Esta possibilidade pode estar mais próxima. O INSA confirmou que "em relação à atrofia muscular espinhal, há disponibilidade para iniciar, durante o próximo ano, os procedimentos metodológicos, legais e éticos necessários ao estudo da viabilidade da inclusão desta patologia no painel de doenças rastreadas no âmbito do PNRN [Programa Nacional de Rastreio Neonatal]".
Na resposta enviada ao DN, o INSA especifica que o PNRN, chamado teste do pezinho, é realizado em Portugal desde 1979 em todos os recém-nascidos, permitindo identificar as crianças que sofrem de doenças, quase sempre genéticas, como a fenilcetonúria, a primeira a ser rastreada, ou o hipotiroidismo congénito, que entrou em 1981, e que vieram beneficiar de tratamento precoce.

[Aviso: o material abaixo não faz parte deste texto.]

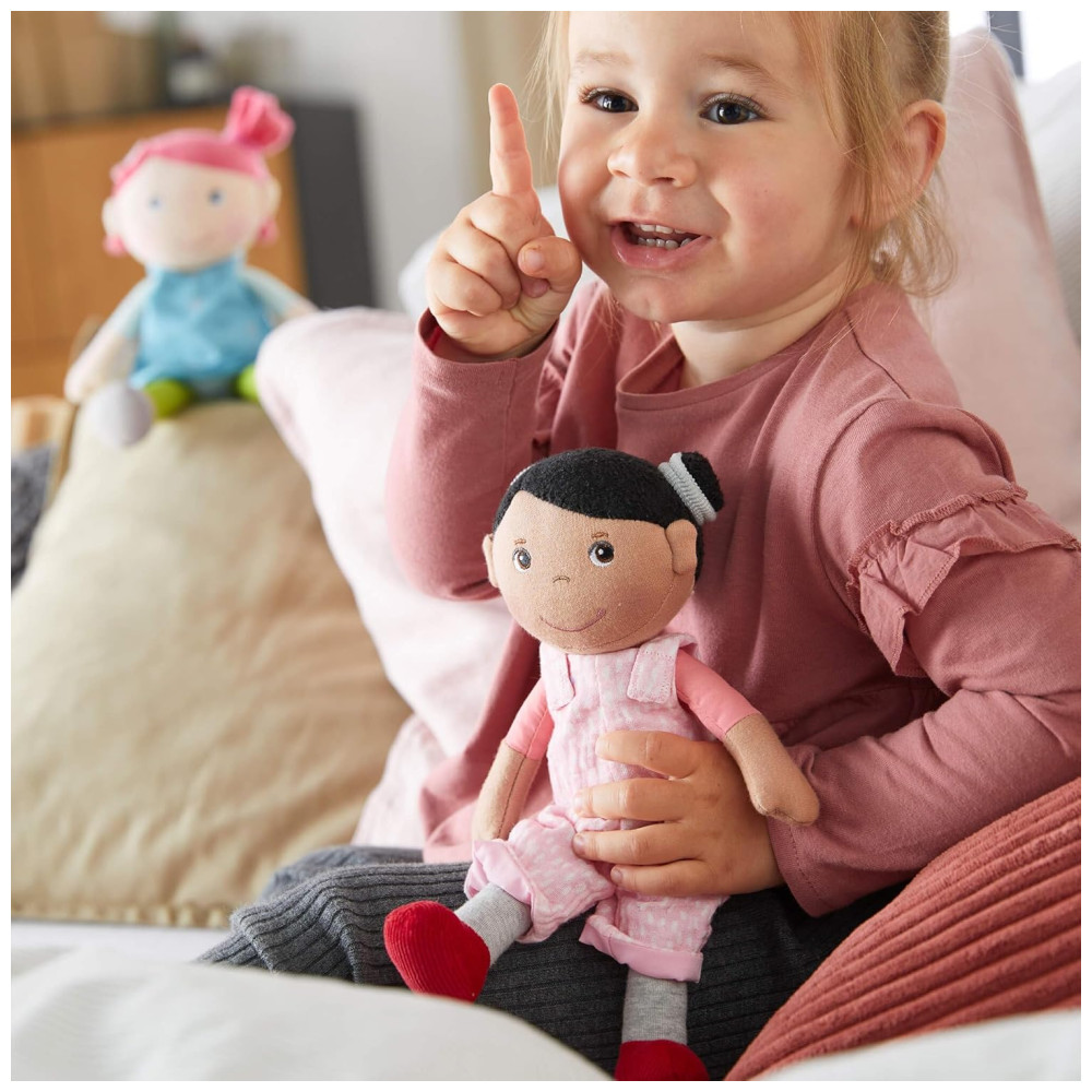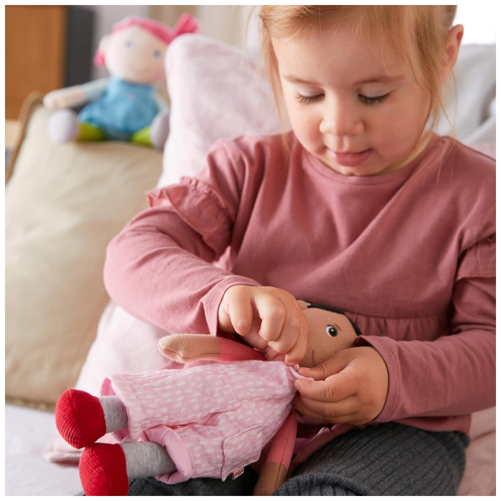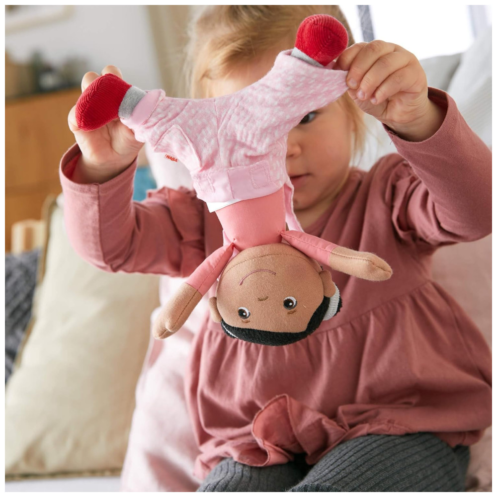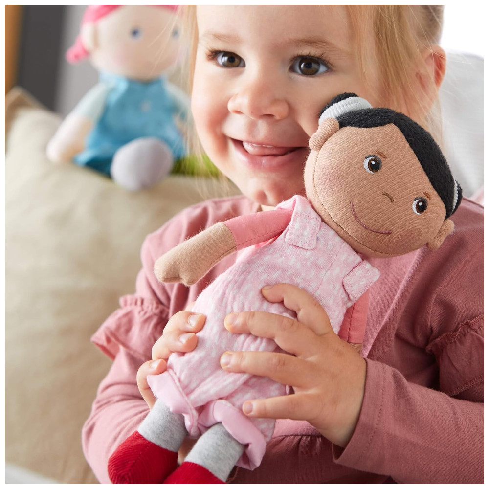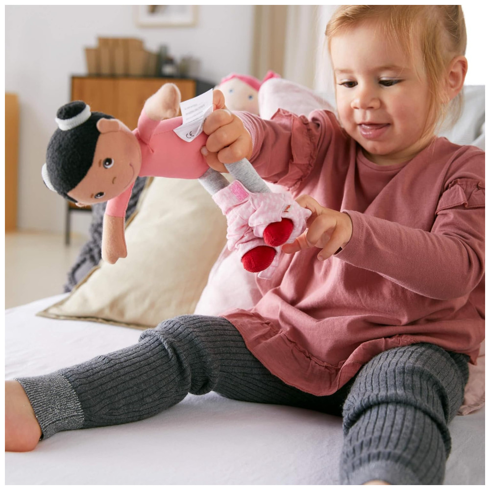 Boneca HABA Snug Up Doll Rumbi com Cabelos Pretos e Jardineira Rosa – Lavável à Máquina para 18 Meses e Acima
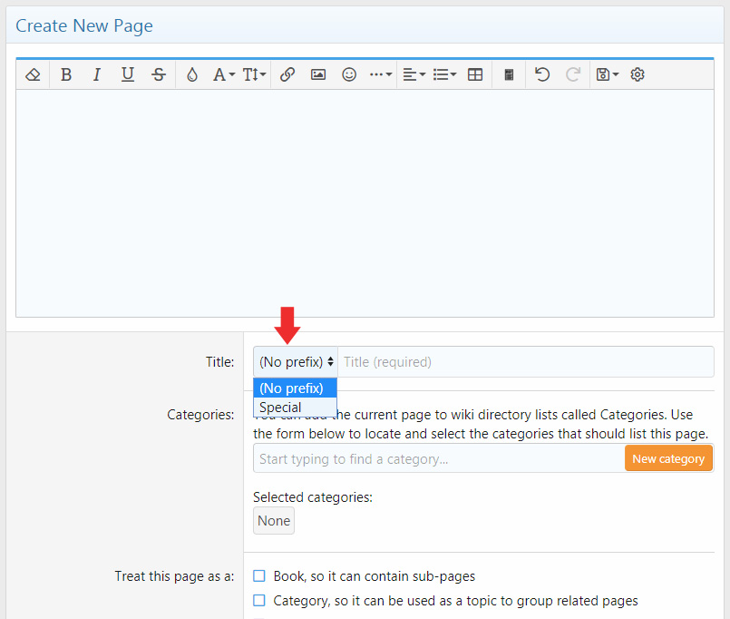Please consider switching the order of "Title" and "Categories" in VaultWiki 4.1. I think it makes more sense to position Title first, as this field is always required. In XF2.x, perhaps also add a "Required" hint, either under the Title label or as a textbox field placeholder, e.g.:
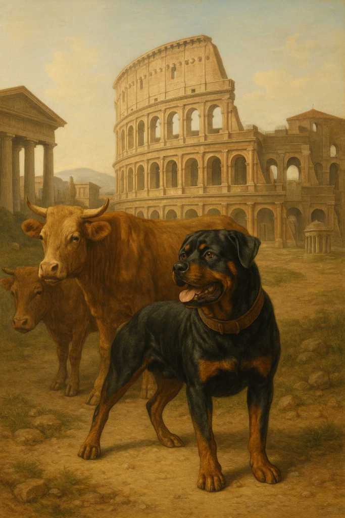 Rottweilers led and protected this vital food source for Romans. Protecting Roman cattle from countryside predators. Predators who would, should they be left unintimidated, thin a herd. A thinned-out herd would lead to a reduced food supply for Roman legions.
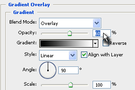 Pri Gradient Overlay pustite preliv na privzeti barvi, Blend mode nastavite na Overlay in Opacity nastavite nekje na 60 %.
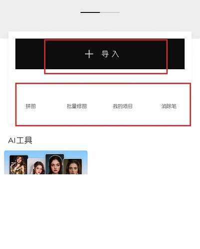 1.hypic打开hypic后,能看到首页的功能布局,点击中间的【拼图】【批量修图】【我的项目】【消除笔】,或者点击【+导入】,都可以进入修图页面。
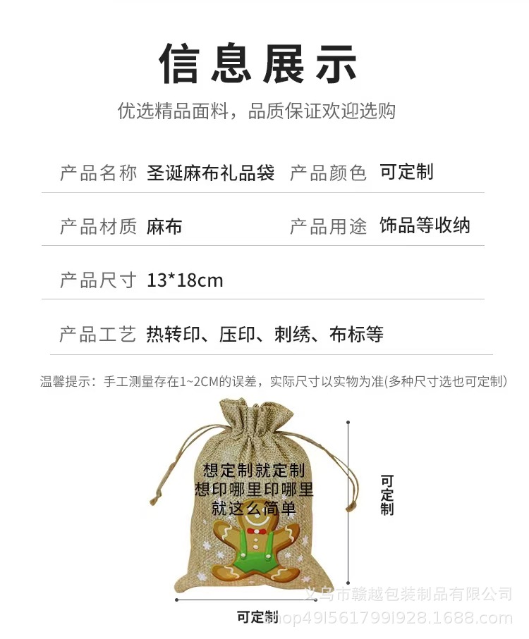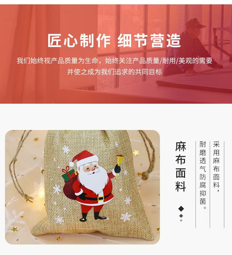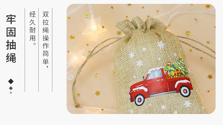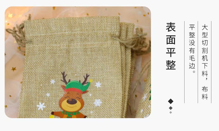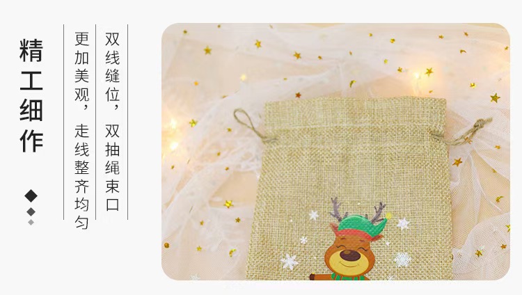 Nuevos regalos de Navidad transfronterizos de lino belos paquetes de bolsas dulces de Nochebuena regalos de lino bolsas de color primario

Em 2004, o PNRN teve maior expansão no número de doenças rastreadas, "desta vez alicerçada numa inovação tecnológica que veio revolucionar o rastreio neonatal das doenças hereditárias do metabolismo; a espetrometria de massa em tandem. Esta tecnologia veio permitir que, com uma única amostra, e numa única análise, seja possível rastrear simultaneamente várias doenças hereditárias do metabolismo", explica o INSA.
PNRN já permitiu rastrear e tratar 2300 crianças
Em 2008, passaram a ser rastreadas sistematicamente a nível nacional 24 doenças hereditárias do metabolismo. Em 2019, após um estudo-piloto, a fibrose quística foi integrada no PNRN, perfazendo um total de 26 doenças. De acordo com o que está legislado, "toda e qualquer proposta de inclusão de uma nova patologia no PNRN é, numa primeira fase, apreciada pela Comissão Técnica Nacional do Programa Nacional do Rastreio Neonatal. Perante um parecer positivo, é avaliada, posteriormente, pela comissão executiva do PNRN a viabilidade da inclusão dessa patologia a nível laboratorial e, após garantido o financiamento, é autorizada a realização de um estudo-piloto, no qual cerca de 100 mil recém-nascidos serão rastreados para aferir a real oportunidade (custo-benefício) de incluir a patologia em causa no painel das doenças abrangidas pelo programa".

A neuropediatra Teresa Moreno diz que se "tornou mandatório este rastreio à nascença".
© Gerardo Santos Global Imagens
O INSA explica que "o estudo-piloto tem como objetivo avaliar a exequibilidade técnica e organizacional do rastreio da patologia em Portugal e determinar o seu impacto em termos de saúde pública. Será desta forma possível avaliar a viabilidade da integração deste teste no PNRN".
Neste momento, está a decorrer um estudo-piloto para a inclusão da drepanocitose (anemia das células falciformes) no grupo de doenças a rastrear no PNRN, que desde a sua criação já permitiu rastrear e tratar, precocemente, mais de 2300 crianças doentes.
O rastreio do teste do pezinho, explica o INSA, "não tem caráter obrigatório, no entanto a sua cobertura é, atualmente, superior a 99% dos recém-nascidos permitindo, através do rastreio e da confirmação do diagnóstico, o encaminhamento dos doentes para a rede de centros de tratamento, sedeados em instituições hospitalares de referência, contribuindo para a prevenção de doenças e ganhos em saúde".
A inclusão da AME no teste do pezinho é agora a esperança para quem nasça no futuro com esta doença rara e congénita. A esperança de uma vida diferente daquela que até agora lhe estava destinada.